====== The data ======
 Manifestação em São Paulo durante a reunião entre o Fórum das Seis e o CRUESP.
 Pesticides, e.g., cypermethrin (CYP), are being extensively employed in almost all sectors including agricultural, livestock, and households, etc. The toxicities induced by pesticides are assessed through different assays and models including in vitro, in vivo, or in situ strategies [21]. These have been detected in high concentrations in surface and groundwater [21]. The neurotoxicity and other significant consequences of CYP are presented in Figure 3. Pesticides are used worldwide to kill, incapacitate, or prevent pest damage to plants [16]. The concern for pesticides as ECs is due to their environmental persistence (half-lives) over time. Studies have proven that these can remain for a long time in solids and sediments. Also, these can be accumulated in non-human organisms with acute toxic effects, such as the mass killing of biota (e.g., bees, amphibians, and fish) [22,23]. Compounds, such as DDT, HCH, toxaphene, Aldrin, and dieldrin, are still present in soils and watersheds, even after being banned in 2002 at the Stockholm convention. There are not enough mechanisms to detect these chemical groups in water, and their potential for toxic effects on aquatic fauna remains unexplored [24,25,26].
======
====== The data ======
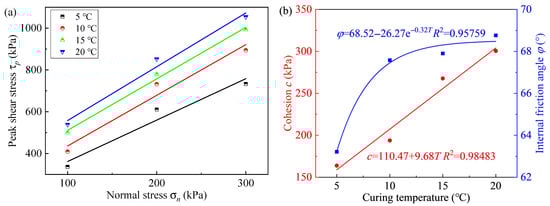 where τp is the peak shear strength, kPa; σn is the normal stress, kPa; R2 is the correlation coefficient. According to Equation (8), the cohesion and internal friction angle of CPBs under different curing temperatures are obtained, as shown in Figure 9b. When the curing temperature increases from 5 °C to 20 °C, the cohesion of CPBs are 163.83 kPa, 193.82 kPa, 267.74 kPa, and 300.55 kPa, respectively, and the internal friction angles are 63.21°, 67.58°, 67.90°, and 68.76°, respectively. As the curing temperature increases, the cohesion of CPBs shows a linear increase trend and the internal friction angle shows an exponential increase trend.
======
### Task description
Restate word for word only the lines above from the line containing "Manifestação em São" to the line containing "Pesticides, e.g., cypermethrin", both of them included.

### Exercise answer
 Manifestação em São Paulo durante a reunião entre o Fórum das Seis e o CRUESP.
 Pesticides, e.g., cypermethrin (CYP), are being extensively employed in almost all sectors including agricultural, livestock, and households, etc. The toxicities induced by pesticides are assessed through different assays and models including in vitro, in vivo, or in situ strategies [21]. These have been detected in high concentrations in surface and groundwater [21]. The neurotoxicity and other significant consequences of CYP are presented in Figure 3. Pesticides are used worldwide to kill, incapacitate, or prevent pest damage to plants [16]. The concern for pesticides as ECs is due to their environmental persistence (half-lives) over time. Studies have proven that these can remain for a long time in solids and sediments. Also, these can be accumulated in non-human organisms with acute toxic effects, such as the mass killing of biota (e.g., bees, amphibians, and fish) [22,23]. Compounds, such as DDT, HCH, toxaphene, Aldrin, and dieldrin, are still present in soils and watersheds, even after being banned in 2002 at the Stockholm convention. There are not enough mechanisms to detect these chemical groups in water, and their potential for toxic effects on aquatic fauna remains unexplored [24,25,26].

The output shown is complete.